Cell-free fetal DNA (cfDNA), copies of embryo DNA present in maternal blood, can be used as a non-invasive test.

Cell-free Fetal DNA-based Testing

Initial testing of the technology was done using archived samples of genetic material in children whose trisomy status was known.

The results are variable, but generally very good:

  • Of 1000 unborn children with one of the disorders, about 980 have cfDNA that tests positive. The test has high sensitivity (true positive rate).
  • Of 1000 unborn children without the disorders, about 995 test negative. The test has high specificity (true negative rate).

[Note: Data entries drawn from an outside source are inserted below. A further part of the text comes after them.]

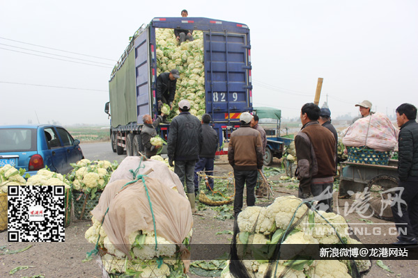 龙港网1月28日讯:元旦前后,收购价2.2元/斤的花菜让龙港白沙、海城菜农一尝丰收的喜悦。不过这段时间花菜每斤已滑落到6、7毛。价格涨幅像坐过山车,但菜农们反映还挺淡定,他们说,现在花菜大面积上市,卖到5、6毛/斤都还算正常。
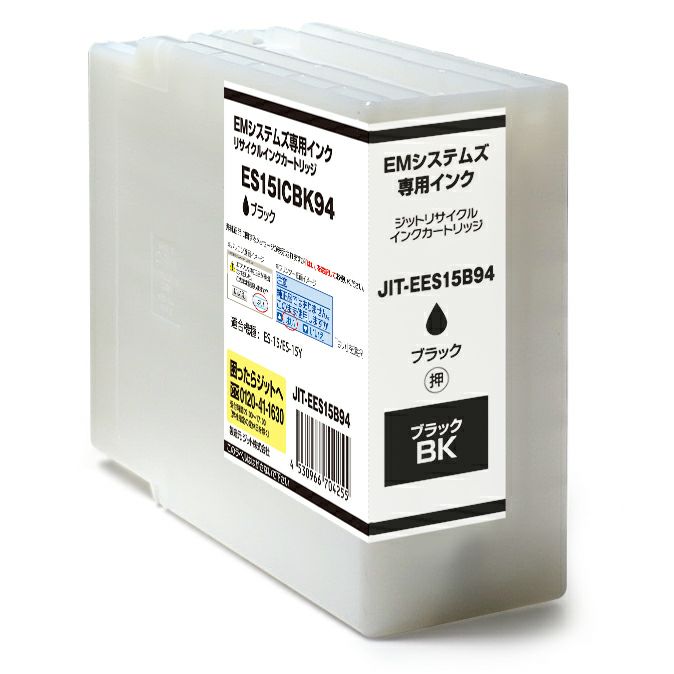 商品詳細 | EMシステムズ ES15ICBK94 ブラック対応 ジットリサイクルインクカートリッジ 【JIT-EES15B94】。ジットのリサイクルインクカートリッジはプリンタ本体保証と万全のサポート付きで安心。日本製。3,500円以上送料無料&平日15時まで最短即日発送。 【適合プリンタ】 ES-15 / ES-15Y
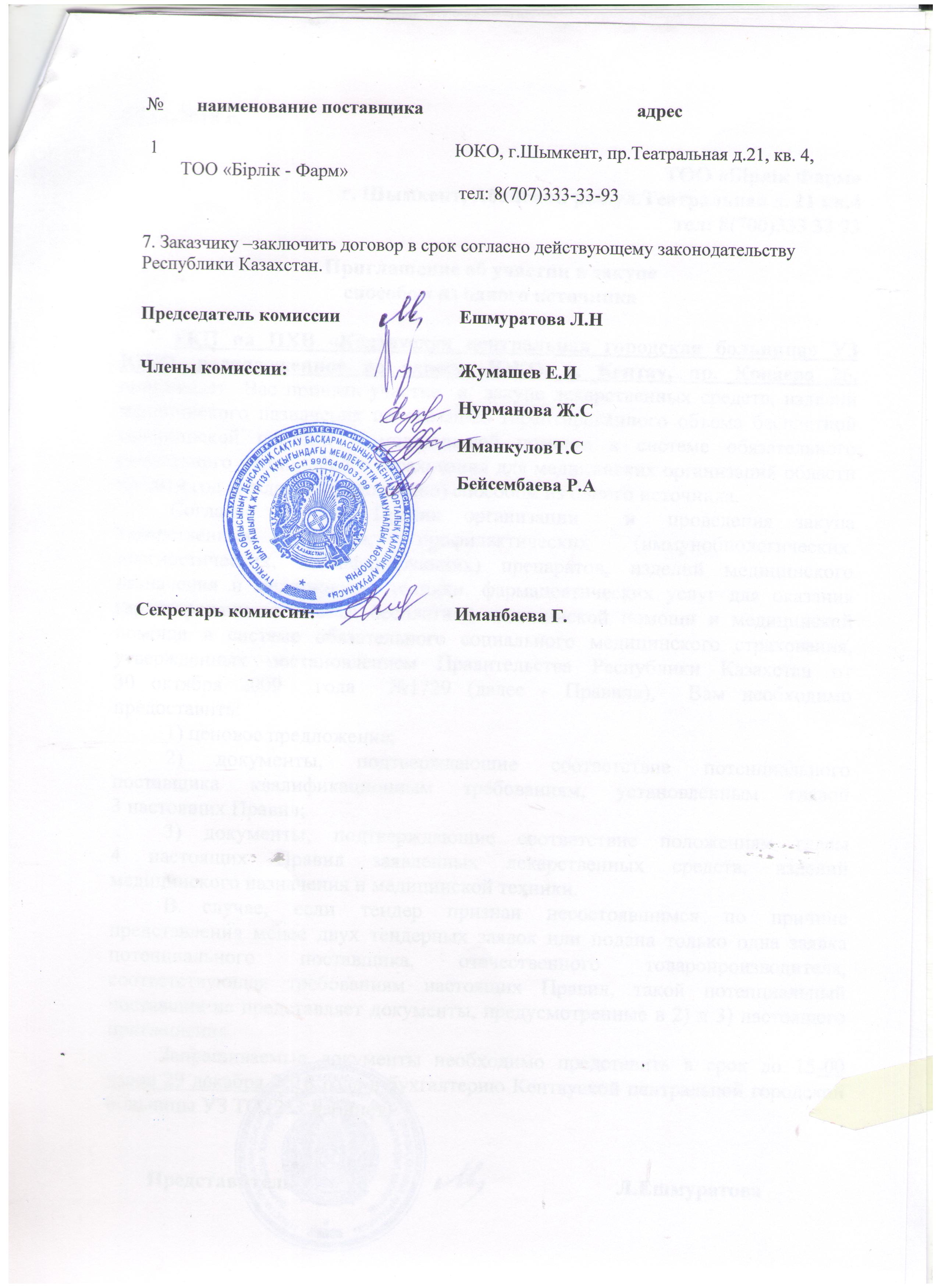 - Заказчику –заключить договор в срок согласно действующему законодательству Республики Казахстан.
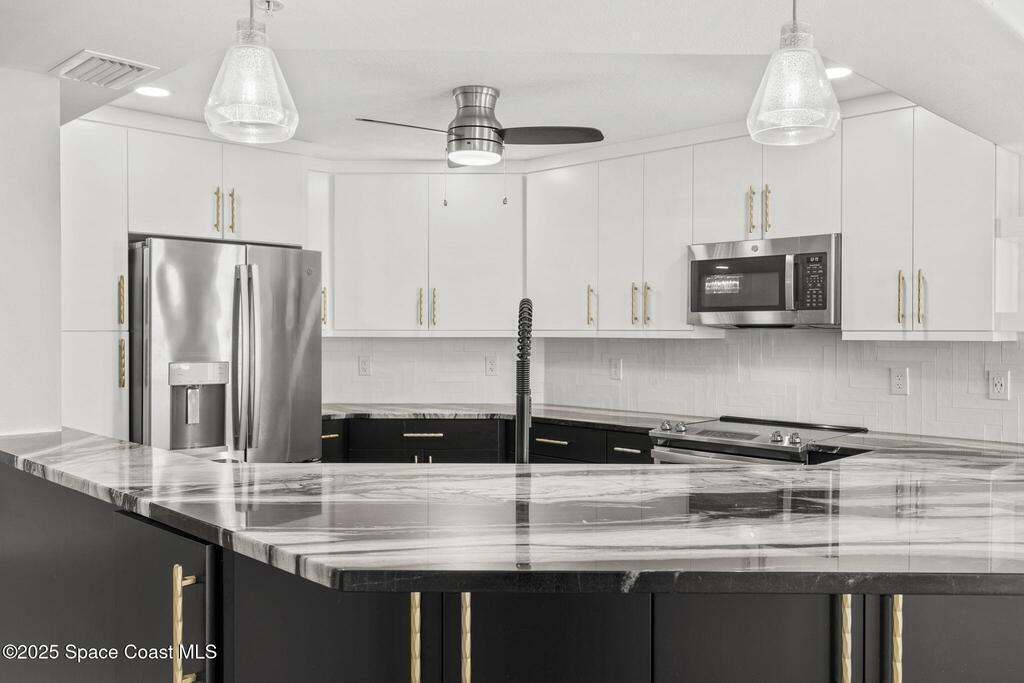 Welcome to the Harbor Del Rio Community, ideally situated in Central Merritt Island. Featuring under building parking space equipped with your very own electric car charger. Three bedrooms, each with private access to the expansive wrap-around balcony (with hurricane shutters for storm protection). The large open-concept design boasts laminate flooring throughout, fantastic, updated kitchen with new appliances. Primary bedroom offers dual closets, and an en suite with double vanities, a spacious walk-in shower, and a separate garden tub. The kitchen and bathrooms are finished with solid surface countertops, complemented by window treatments throughout and a generous laundry room. The community provides amenities such as a Pool/Spa, Gym, and Clubhouse. It's conveniently located by the NEW hospital being built and minutes away from shopping, dining, and the world-renowned Cocoa Beach.

Cell-free Fetal DNA-based Testing…

The designers of a diagnostic test strive for accuracy: A test should have high sensitivity and specificity.

A family with an unborn child undergoing testing wants to know the likelihood of the condition being present if the test is positive.

Suppose a child has tested positive for trisomy 21. What is the probability the child does have trisomy 21, given the positive test result?

Defining Events in Diagnostic Testing

Events of interest in diagnostic testing:

  • \(D\) = {disease present}
  • \(D^C\) = {disease absent}
  • \(T^+\) = {positive test result}
  • \(T^-\) = {negative test result}

Could use \(T\) and \(T^C\), but \(T^+\) and \(T^-\) are consistent with notation in medical and public health literature.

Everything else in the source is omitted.